Growing 'Lone Wolf' Terror Threat To UK

Britain and the Olympics face a growing threat from "lone wolf" terrorists who have taught themselves how to build bombs using al Qaeda publications, a leading security think tank has warned.

Amid fears of budget cuts to the intelligence services, the Royal United Services Institute (Rusi), which employs former spies as senior analysis and has close connections to the British Armed Forces, said in a study that Africa and the Yemen were also rapidly becoming major training areas for terrorists.

Rusi's latest UK terrorism analysis said: "The growing number of lone wolves who are radicalised and then indulge in some 'terrorist tourism' are not normally part of a well-organised pipeline of guerrilla fighters going to the jihad.

"More usually, they are personally connected to family or friends who have already gone to a conflict zone.

"Britons are thought to make up about 25% of the 200 or so foreign fighters that the al Shabaab group in Somalia currently fields, and who are engaging in a deepening war on neighbouring Kenya and its tourist trade."

Nigeria is a newly identified potential breeding ground for radicalised Islamists with strong connections to immigrants in the United Kingdom, Rusi added, following a year of violence in Nigeria blamed on Boko Haram.

"It would be surprising if both the tactics and the tensions underlying Boko Haram's campaign do not spread some ripples among the Nigerian ethnic communities in the UK," Rusi's experts said.

Spending on the intelligence services - GCHQ, MI5 and MI6 - has shot up 250% over the last 10 years since 9/11 to £3.5bn.

From 2010, they faced a cut of around 11.3% - which has largely been put off as a result of heavy spending on security for the Olympic Games.

The institute identified four main threats to the sporting spectacular.

First, a "traditional" attack organised by al Qaeda's "core" - which has been badly eroded by American drone strikes in Pakistan and the Yemen and by the killing of Osama bin Laden last year.

Second, a hitherto unexamined problem with the release of dozens of men convicted of terrorist offences from British prisons, who are expected to finish their sentences over the next 12 months.

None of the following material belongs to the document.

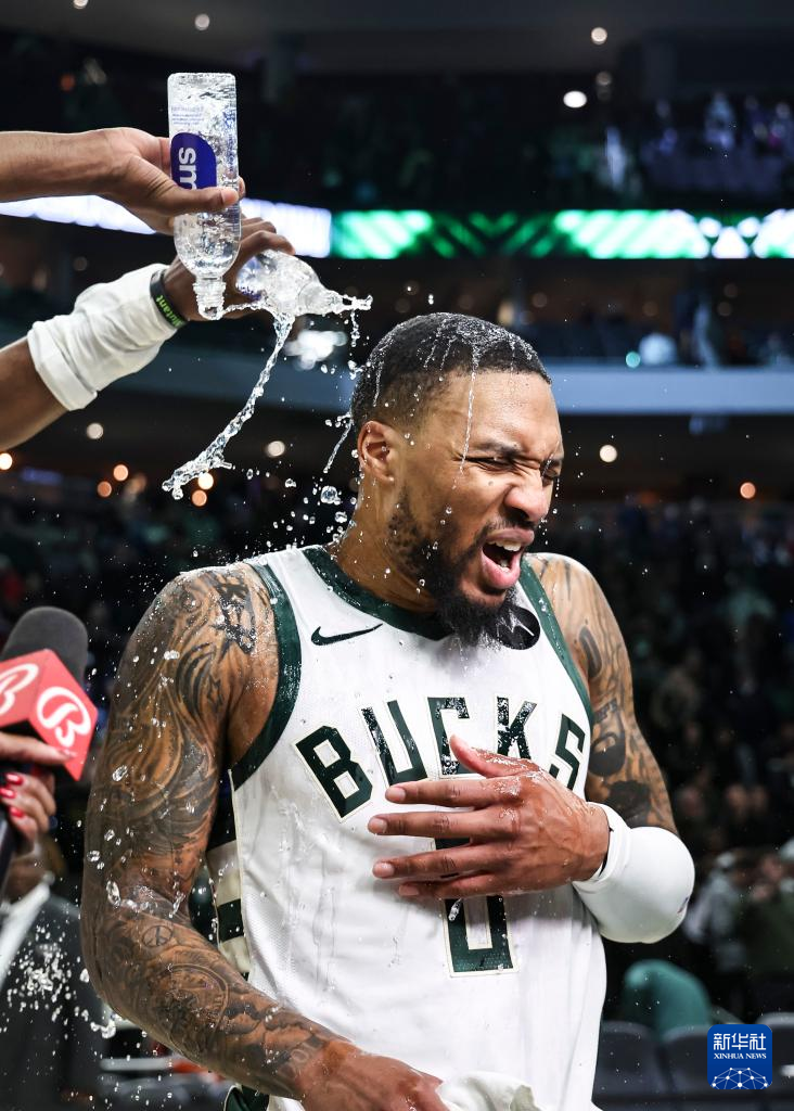 1月14日,雄鹿队球员利拉德在比赛中投中制胜三分球后被队友浇水庆祝。新华社发(乔尔·莱纳摄)
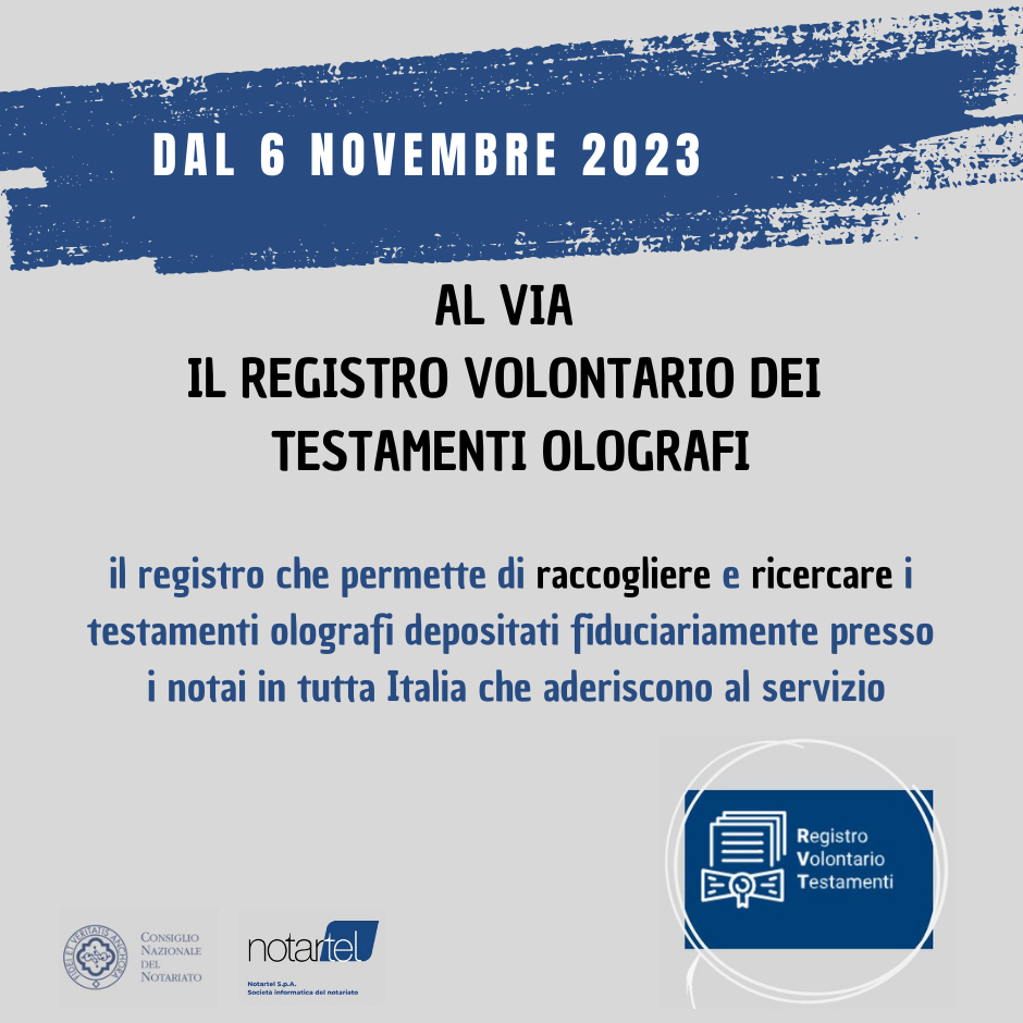 Roma, 6 novembre 2023 – Da oggi diventa operativo il Registro Volontario dei Testamenti Olografi, realizzato dal Consiglio Nazionale del Notariato tramite la Notartel Spa – società informatica del Notariato – che permette di raccogliere e ricercare i dati dei testamenti olografi depositati fiduciariamente presso i notai in tutta Italia che aderiscono al servizio.

Third, it said "the lone wolf ...is perhaps the bigger threat and could extend to non-Jihadist terrorism, as we saw in the case of the Norwegian bomber Anders Behring Breivik".

"However this type of action is more prevalent amongst Jihadists...The terrorist threats to the UK are becoming increasingly diverse," the report added.

"The plots could be less elaborate and well planned than those involving al Qaeda core, and thus less predictable and more volatile.

"Even this threat is set to evolve in a significant way, however, as more experienced lone wolf terrorists are likely to be returning to Britain in the next couple of years, not from training camps in Pakistan and via airports in Karachi and Dubai; but from wars in Somalia, Yemen or Nigeria.

"Also from the renewed violence in Iraq, and from destinations and via routes that will be far more difficult for security services to monitor."

Lastly, Rusi said there remained a dissident Irish republican rump which might try to disrupt the Olympics - although most experts see this as a very distant prospect.

Rusi, perhaps with a nudge from its sources in the intelligence community, warned that future cuts to the spooks' budgets should be carefully scrutinised.

"In many respects, the Olympic Games are likely to prove a major turning point in the allocation of resources for UK counter-terrorism," it said.

"If the Olympics end with no major incident, this will mean that no terrorist attack has taken place since the 2007 attack on Glasgow International Airport.

"Therefore it is difficult to see the appetite for counterterrorism spending and staffing levels to continue at the rates sustained throughout the 2000s.

"Clearly the lack of a successful attack in five years is in no small part due to the large investments and changes that have been made in the security mechanisms for countering such threat. Yet, there is a sense of inevitability that change is on its way."